I also thought of the aproach of translating my polynomials to a
common extension and then computing the groebner basis there... but
the problem here is that, in order to pass that to singular, we need
to compute a primitive element of the extension.... which is again
very expensive.

On 20 oct, 20:25, Nils Bruin <nbr...@sfu.ca> wrote:
> On Oct 19, 4:45 am, mmarco <mma...@unizar.es> wrote:
>
> > Do you think it would be worth implementing all these features
> > ourselves? Is there some movement in the Singular community to
> > implement these rings?
>
> My first reaction is "no". For any non-trivial linear algebra or
> polynomial computations, you'll be testing whether things are 0, which
> is exactly what can be extremely expensive in QQbar and AA. I'd
> normally expect to do computations in an algebraic extension, do some
> root finding in QQbar to see what algebraic extension is required, and
> then base change to that extension to continue computation.
>
> However, if you're able to improve algorithms involved to such a
> degree that working in QQbar directly is viable, go for it!

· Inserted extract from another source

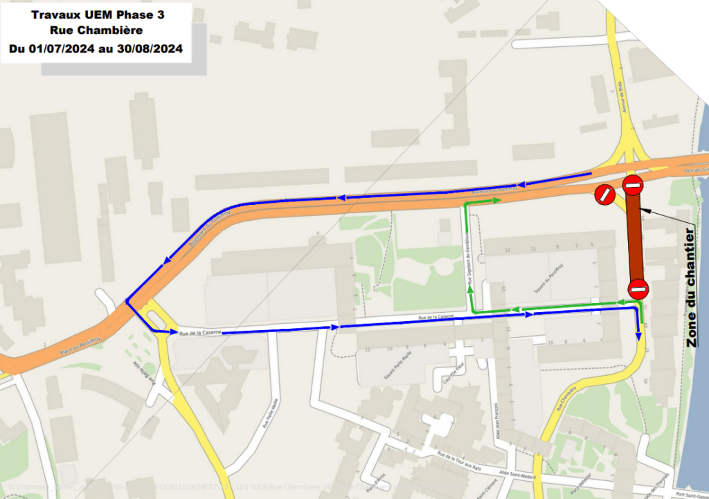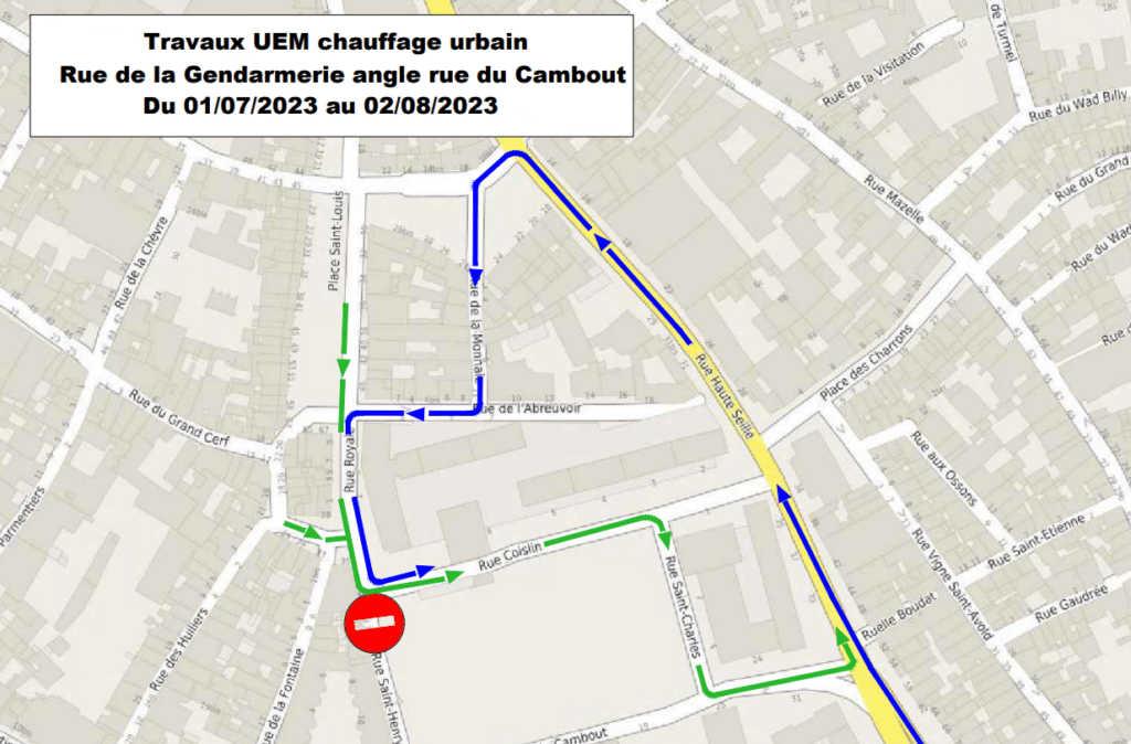 Des perturbations sont aussi à prévoir rue Charlemagne durant 13 semaines. Jusqu’au 27 septembre, la rue Charlemagne sera interdite à la circulation durant toute la durée du chantier et un plan de déviation sera mis en place. Du 1er juillet au 30 août rue Chambière et Pont des Grilles, dans le cadre de travaux de rénovation du réseau de chauffage urbain, le tronçon de la rue Chambière compris entre la rue de la Caserne et le boulevard Pontiffroy, sera interdit à la circulation durant toute la durée du chantier et une déviation sera mise en place. Les arrêts de bus seront également impactés,

I suspect
> you'll need to seriously adjust various algorithms, however.
>
> In a way, QQbar really shines in "algebraically sparse" settings (you
> use many different algebraic extensions, but only very few relations
> between them). Non-trivial polynomial operations don't tend to
> preserve sparseness. The main problem with QQbar is that not all
> algebraic relations are given explicitly. (i.e., if you find the roots
> of x^2-2x-1 and of x^2-2, some serious work needs to be done to find
> the relations between them in QQbar, whereas in the number field
> Q[sqrt(2)] these relations are explicit upon finding the roots).
>
> If you're in a situation where all pivots and leading coefficients
> encountered are "easy", you might get some mileage out of working over
> QQbar, but in general for things like groebner bases, QQbar is
> irrelevant. You work in a fixed algebraic extension anyway (in fact,
> since you can just adjoin the appropriate variables and algebraic
> relations, being able to work over QQ is really enough for
> characteristic 0).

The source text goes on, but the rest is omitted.